We've put together some examples and case studies to help you.

Options

How will I be taxed?

Take your money all in one go

You can take your pension pot in cash as a single lump sum. You don't need to stop working, but you would need to think about where your income will come from when you do stop.

Read our case study.

25% of the money will usually be tax-free but the rest may be taxed as income.

Learn more about tax on pensions.

Take your money in a series of cash lump sums

You can leave your money invested and withdraw it as cash lump sums as and when you wish. The money left invested has the chance to grow, but it could go down in value too.

If you take out too much, or your investment funds don't perform as well as you'd expected, you could run out of money before you die. Any money left in your pot will be left to your dependants in the event of your death.

If you choose this option, you may wish to spread your withdrawals over a number of years to minimise the amount of tax you pay. 

Read our case study.

The first 25% of each amount you take will usually be tax-free but the rest may be taxed as income.
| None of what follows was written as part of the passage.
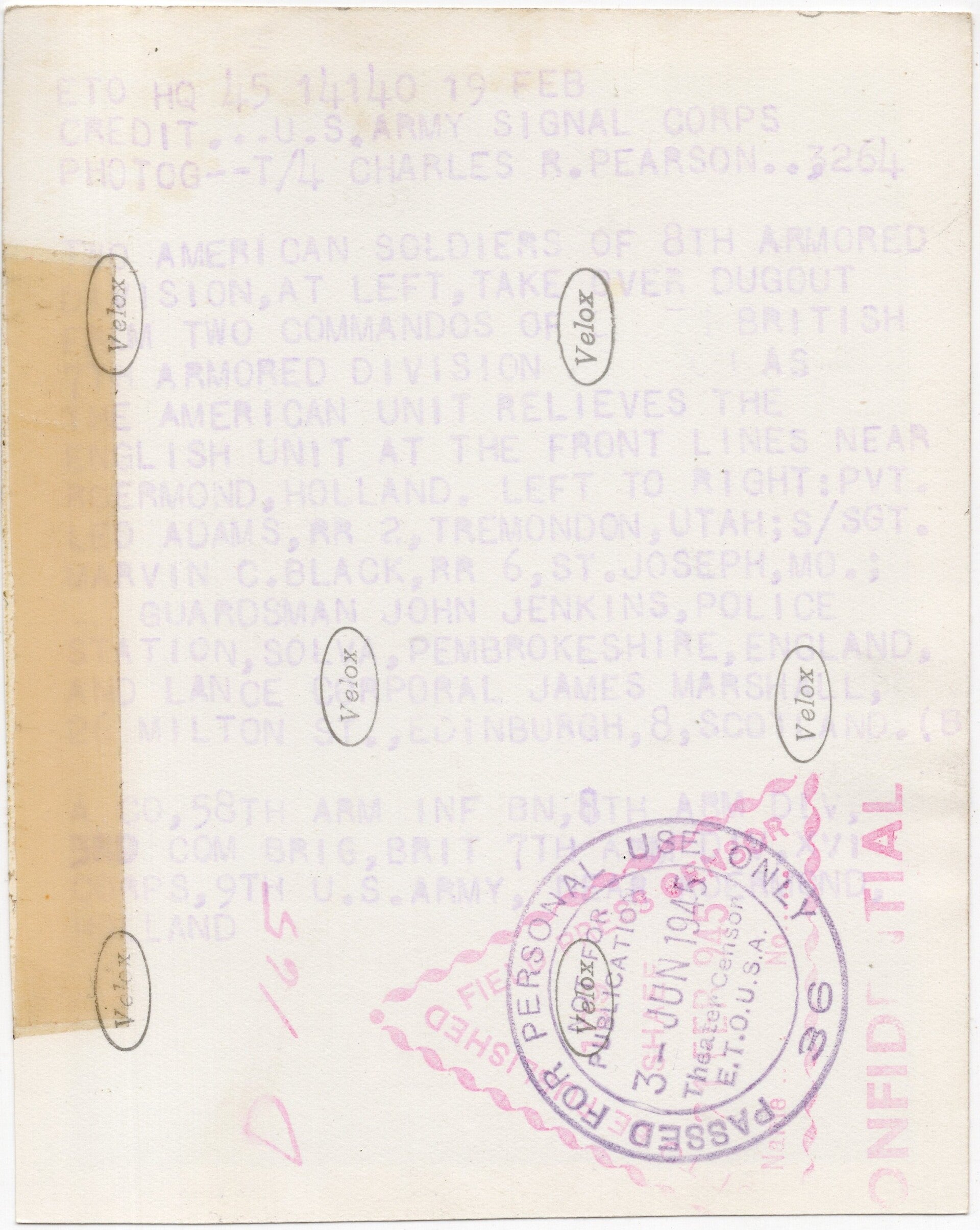 Original WW2 US Press Photo - US 8th Armored Division with British 7th Armored Division at the front lines near Roermond, Holland (1945)

Learn more about tax on pensions.

Take a flexible income

You can usually take up to 25% of your pension pot as a cash lump sum and leave the rest invested to provide a flexible income, and occasional lump sums if required. This is often referred to as flexi-access drawdown.

You can vary, stop, or suspend the amount you're taking at any time. You may be charged for varying the amount.
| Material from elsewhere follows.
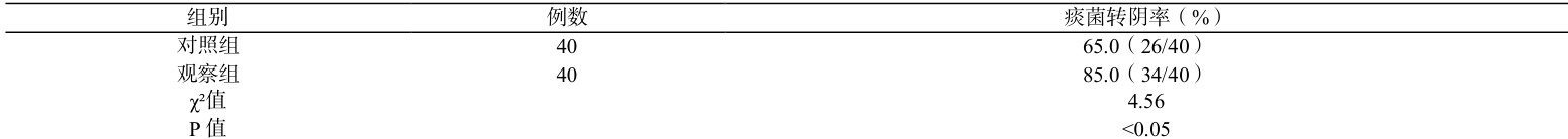痰菌转阴率=(治疗后痰菌阴性例数/每组总例数)×100%。观察组患者的痰菌转阴率高于对照组,差异有统计学意义(P<0.05)。见表2。

The money left invested has the chance to grow, but it could go down in value too. If you take out too much, or your investment funds don't perform as well as you'd expected, you could run out of money before you die. Any money left in your pot will be left to your dependants in the event of your death.

Read our case study.

You can usually take up to 25% of your pension pot tax-free but the rest may be taxed as income.

Learn more about tax on pensions.

Get a guaranteed income

You can usually take up to 25% of your pension pot as a cash lump sum and use the rest to buy a guaranteed regular income for a fixed period or for the rest of your life. This is known as an annuity.
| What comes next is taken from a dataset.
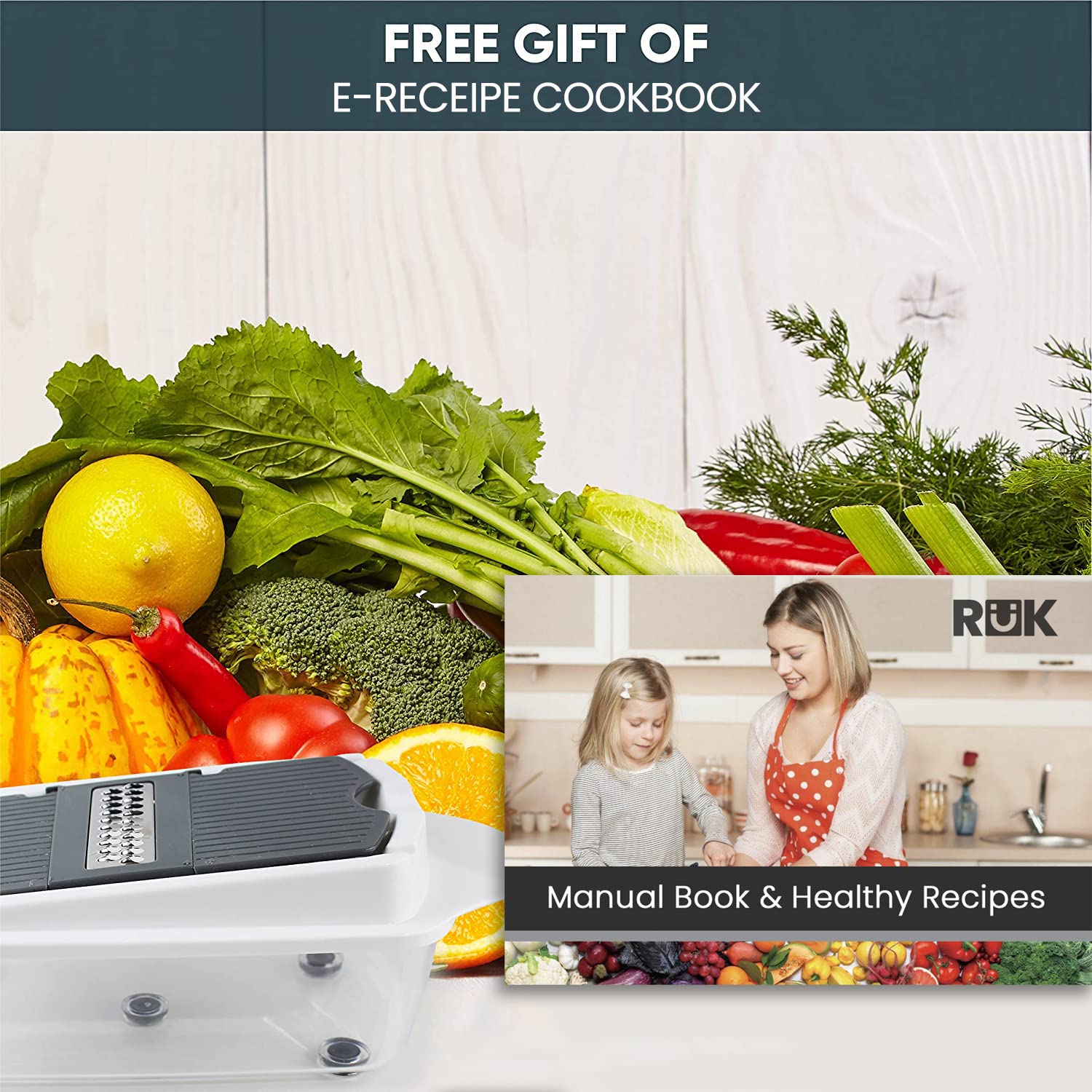 RüK Vegetable Chopper Slicer Onion Dicer, Multi 22-in-1 Veggie Mandoline Food Cutter for Tomato Fruit with Lemon Squeezer, E-Recipe, 11 Blades, Egg Separator & Slicer, Container

Annuities have a number of features, for instance you can arrange for payments to continue for your dependants after your death. Smokers and those in poor health usually get better rates because of their shorter life expectancy. 

Read our case study.

You can usually take up to 25% of your pension pot tax-free but the rest may be taxed as income.

Learn more about tax on pensions.

Other tax considerations

If you want to make contributions into your pension plan after you’ve started taking an income, you’ll be restricted to paying in a maximum of £10,000 each tax year thereafter. This is referred to as the Money Purchase Annual Allowance (MPAA). You cannot carry forward any unused MPAA from the previous year.

Your allowances can change with each new tax year, depending on what the government sets out. Download our Tax Year Rates and Allowances booklet to keep up to date on what these allowances are, and how they could affect you.

How much will you need in retirement?

You can find out more about the cost of different lifestyles in retirement and use our tool to think about what your expenses might be.

Useful links

  • If you want to learn more about two ways to fund your retirement, read our article on annuities vs drawdown.
  • Before you start to access the money in your pension pot, you should get a clear idea of how much tax you'll pay on your retirement income.
  • If you're over 50, book an appointment with Pension Wise for free, impartial guidance. 
  • It might be a good idea to speak to a financial adviser. If you don't have one, you can find one at Unbiased.

Key points

  • You can access your pot any time from age 55 (rising to 57 from April 2028), even if you're still working.
  • You can leave your pot invested even if you have stopped working.
  • You can take all of your pot as cash and usually the first 25% will be tax-free. The remaining 75% will be taxable.
  • Two main ways to fund your retirement are annuities and drawdown products.
  • It's important to shop around to find the best product and option for your needs, and to seek advice or guidance before you choose the right one for you.